The following features are supported by this model.  
 
| **Feature** | **SSD300 v1.1 PyTorch** |
|:---------:|:----------:|
|[APEX AMP](https://github.com/NVIDIA/apex)                                             |  Yes |
|[APEX DDP](https://pytorch.org/tutorials/intermediate/ddp_tutorial.html)               |  Yes |
|[NVIDIA DALI](https://docs.nvidia.com/deeplearning/sdk/dali-release-notes/index.html)  |  Yes |

#### Features
 
[APEX](https://github.com/NVIDIA/apex) is a PyTorch extension with NVIDIA-maintained utilities to streamline mixed precision and distributed training, whereas [AMP](https://nvidia.github.io/apex/amp.html) is an abbreviation used for automatic mixed precision training.
 
[DDP](https://nvidia.github.io/apex/parallel.html) stands for DistributedDataParallel and is used for multi-GPU training.

[NVIDIA DALI](https://docs.nvidia.com/deeplearning/sdk/dali-release-notes/index.html) - DALI is a library accelerating data preparation pipeline.
To accelerate your input pipeline, you only need to define your data loader
with the DALI library.
For details, see example sources in this repo or see
the [DALI documentation](https://docs.nvidia.com/deeplearning/sdk/dali-developer-guide/docs/index.html)

### Mixed precision training

Mixed precision is the combined use of different numerical precisions in
a computational method. [Mixed precision](https://arxiv.org/abs/1710.03740)
training offers significant computational speedup by performing operations
in half-precision format, while storing minimal information in single-precision
to retain as much information as possible in critical parts of the network.
Since the introduction of [Tensor Cores](https://developer.nvidia.com/tensor-cores)
in Volta, and following with both the Turing and Ampere architectures, significant training speedups are
experienced by switching to mixed precision -- up to 3x overall speedup
on the most arithmetically intense model architectures.

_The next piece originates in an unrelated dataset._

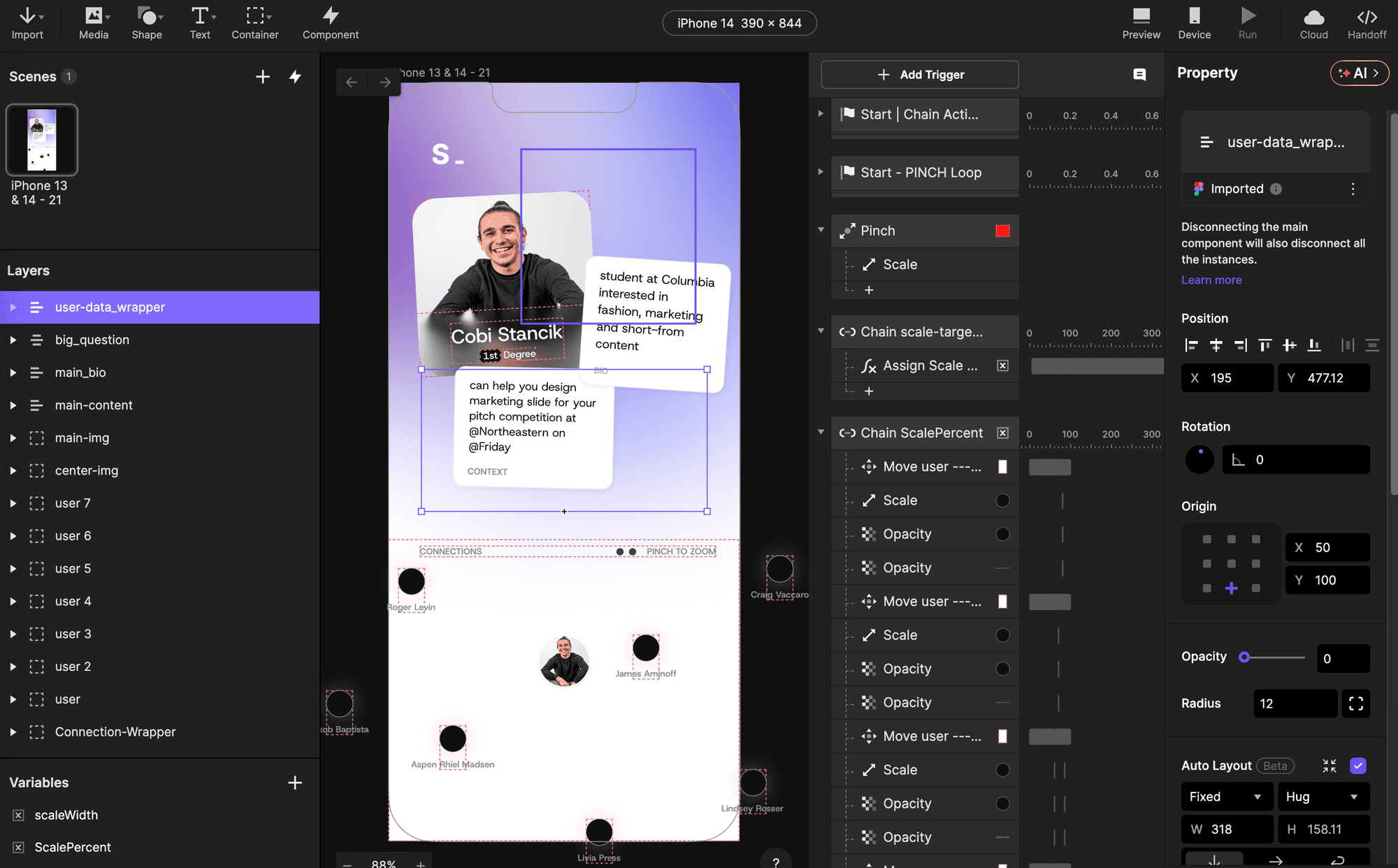 With multi-screen interactions, you don’t have to explain cross-device flows to stakeholders, you can actually start demonstrating them with production-level realism. By syncing multiple devices over the same network, you can simulate live interactions—like real-time chat or instant payments—that look and act like the finished product.
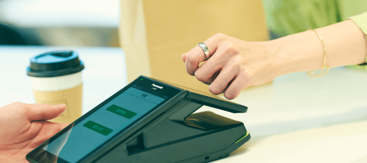 気にせず、瞬時に決済できる防水だから、リングをつけたまま

Using mixed precision
training requires two steps:
1.  Porting the model to use the FP16 data type where appropriate.
2.  Adding loss scaling to preserve small gradient values.

The ability to train deep learning networks with lower precision was introduced
in the Pascal architecture and first supported in [CUDA 8](https://devblogs.nvidia.com/parallelforall/tag/fp16/)
in the NVIDIA Deep Learning SDK.

For information about:
-   How to train using mixed precision, see the [Mixed Precision Training](https://arxiv.org/abs/1710.03740)
paper and [Training With Mixed Precision](https://docs.nvidia.com/deeplearning/sdk/mixed-precision-training/index.html)
documentation.
-   Techniques used for mixed precision training, see the [Mixed-Precision
Training of Deep Neural Networks](https://devblogs.nvidia.com/mixed-precision-training-deep-neural-networks/)
blog.
-   APEX tools for mixed precision training, see the [NVIDIA Apex: Tools
for Easy Mixed-Precision Training in PyTorch](https://devblogs.nvidia.com/apex-pytorch-easy-mixed-precision-training/).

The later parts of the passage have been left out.